「お話、ありがとうございました。とても貴重な内容でした。」


「いいですよ。語り継がなければならない話なんですがね。娘も孫も興味がないようで。この土地の人じゃないかもしれんが聞いてくれてありがとう。どこかで思い出したら、この村であった話だと語り継いでください。」


そう言って、サトさんは頭を下げた。


「お婆ちゃん! 何言ってるの? 大丈夫だよ! ちゃんと伝えるから! ちゃんと伝えなきゃいけない事だもん! 」


珍しく夏子が興奮している。
歴史が好きな子だからな。語り継がれないと言われたら、語り継ぐしかない! と言うだろう。

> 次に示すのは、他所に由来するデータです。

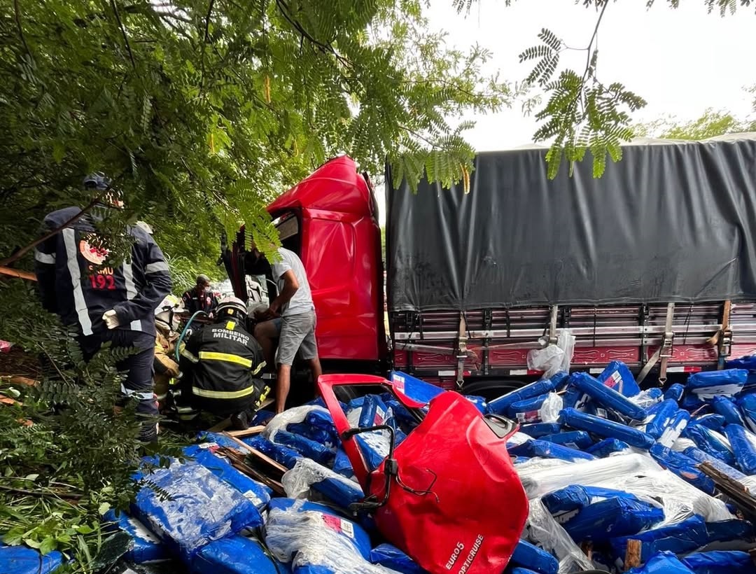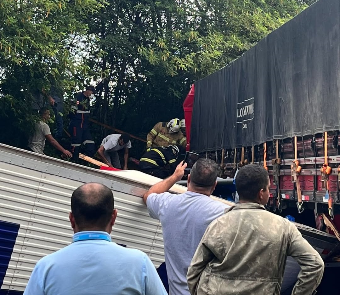 De acordo com as informações repassadas ao Centro Integrado de Comunicações (CICOM), o acidente envolveu dois caminhões, com duas vítimas presas às ferragens e com sinais vitais, sendo solicitado apoio imediato das guarnições.

「カッカッカッ。ありがとね。本当にいい娘さんだ。村に嫁に来りゃァいい。」


「えっ? 私、イケメンがいいんだけど・・・。いますか? 」


判断基準はそこか?
イケメンならいいのか?
夏子の言動は、いつ見ても、聞いてもハラハラするな。


「色男ならおるよ。わしゃぁここにおるで、いつでも来なさい。」



そう言って、サトさんは腰を上げた。


「こちらこそ、本当にありがとうございました。お仕事の手まで止めてしまって。」


気にしないでいい。と言って、サトさんは仕事に戻って行った。


「お嫁さんかぁ・・・。ここに? 私が? うーん・・・・・・考えられないかも。」


夏子は1人でブツブツ言っている。

咲夜は、まだ考え事をしているようだ。


「どうした? さっきの話から何かわかりそうなのか? 」


僕は、聞いてみた。


「ええ。鏑木家。聞き覚えがあるわ。やはりオバァ様に会わないと駄目ね。」